The servlet can use any selected teachpacks and language specific
constructs just as the program in the defintions window can.


File locations
==============

By default, the configuration tool organizes files containing the Web server's
configurations, documents, and servlets in one directory tree per virtual host.
The organization of files follows:

web-directory
  configuration-table
  default-web-root
    conf
      servlet-error.html
      forbidden.html
      servlet-refresh.html
      passwords-refresh.html
      not-found.html
      protocol-error.html
    htdocs
      Defaults
	index.html
	documentation
	  ...
    log
    passwords
    servlets
      configure.ss
  my-other-host
    conf ...
    htdocs ...
    log
    passwords
    servlets
      configure.ss
  still-another-host ...

Files may be relocated or shared between hosts by editing the boring details
for that host using the configuration tool.

Semi-Internal Functions
=======================

The following functions expose more of the Web server for use by the
development environment.  They are not intended for general use.
They may change at anytime or disappear entirely.

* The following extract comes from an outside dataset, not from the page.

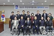 (뉴스인020 = 기자) 수원시 권선구는 지난 15일, 권선구청 상황실에서 각 동 주민자치회장들이 참석한 가운데 권선구 주민자치협의회 1월 월례회의를 개최했다. 이번 회의는 신년 첫 월례회의로, 권선구청장을 비롯해 주민자치회장 등 11 명이 참석해 새해 인사를 나누고, ▲2026년 주민자치활성화 사업 추진 ▲동별 주민자치센터 강사수당 현황 공유하며 주민자치회 운영에 대한 의견을 나누고, 시·구정 홍보사항을 공유하는 등 구정 발전을 위해 논의하는 시간을 가졌다. 이호 권선구 주민자치협의회장은 “2026년은 주민자치가 한 단계 더 도약하는 해가 될 것”이라며,“각 동 주민자치회가 서로 소통하고 연대해 주민이 체감할 수 있는 변화를 만들어 가겠다”라고 새해 각오를 밝혔다. 고호 권선구청장은 “주민자치는 행정이 아닌 주민이 지역의 주인이 되는 가장 중요한 제도”라며, “올해도 주민자치협의회와 각 동 주민자치회가 지역 문제 해결의 중심이 되어주시길 바라며, 구에서도 아낌없는 지원과 협력을 이어가겠다”라고 말했다. 권선구 주민자치협의회는 앞으로도 정기적인 월례회의와 소통을 통해 주민자치 역량을 강화하고, 주

> server-loop : custodian tcp-listener config initial-timeout -> void
  where custodian is the parent custodian for servlets.
	tcp-listener is where requests arrive.
	config encapsulates most of the state of the server.
        initial-timeout is the number of seconds before timing out connections

> make-config : host-table script-table instance-table access-table -> config
  where
    config = (make-config host-table script-table instance-table access-table)
    host-table = str -> host
		 maps host names to hosts
    script-table = (hash-table-of sym script)
		 maps servlet names to servlet units
    script = (unit servlet^ -> response)
	     represents a servlet that is invoked on each request
    instance-table = (hash-table-of sym servlet-instance)
		     maps the path part of a URL to the running servlet
    access-table = (hash-table-of sym (str sym str -> (U #f str)))
		   maps host names to functions that accept a protection
		   domain, a user name, and a password and either 
		   return #f if access is not denied (i.e. is accessible)
		   or a string prompting for a particular password
		   (i.e. "Course Grades").
    servlet-instance =
      (make-servlet-instance
        nat channel (hash-table-of sym (continuation request)))
      The natural number counts the continuations suspended by this servlet.  
      The channel communicates HTTP requests from the connection thread to
      the suspended servlet.  The hash-table maps parameter parts of URLs
      to suspended continuations.

> add-new-instance : sym instance-table -> void
  This creates a new servlet-instance and installs it in the instance-table
  under the name specified by sym.

> gen-send/suspend : url sym instance-table (response -> void) (-> void)
                     (channel -> void)
                  -> (str -> response)
                  -> request
  (define (gen-send/suspend uri invoke-id instances output-page
                            update-time! update-channel!)
    ...)

  This produces a function like send/suspend : ((str -> response) -> request),
  customized for a particular instance of a servlet.  The uri must 
  refer to the servlet, which instances must map invoke-id to.  The
  output-page function is called to send responses to the Web browser
  (remotely via HTTP in the normal server, locally via some other means
   in the development environment).  gen-send/suspend calls update-time! 
  (to reset timeouts) upon each Web request.  update-channel! receives the
  channel used to send responses to the connection thread.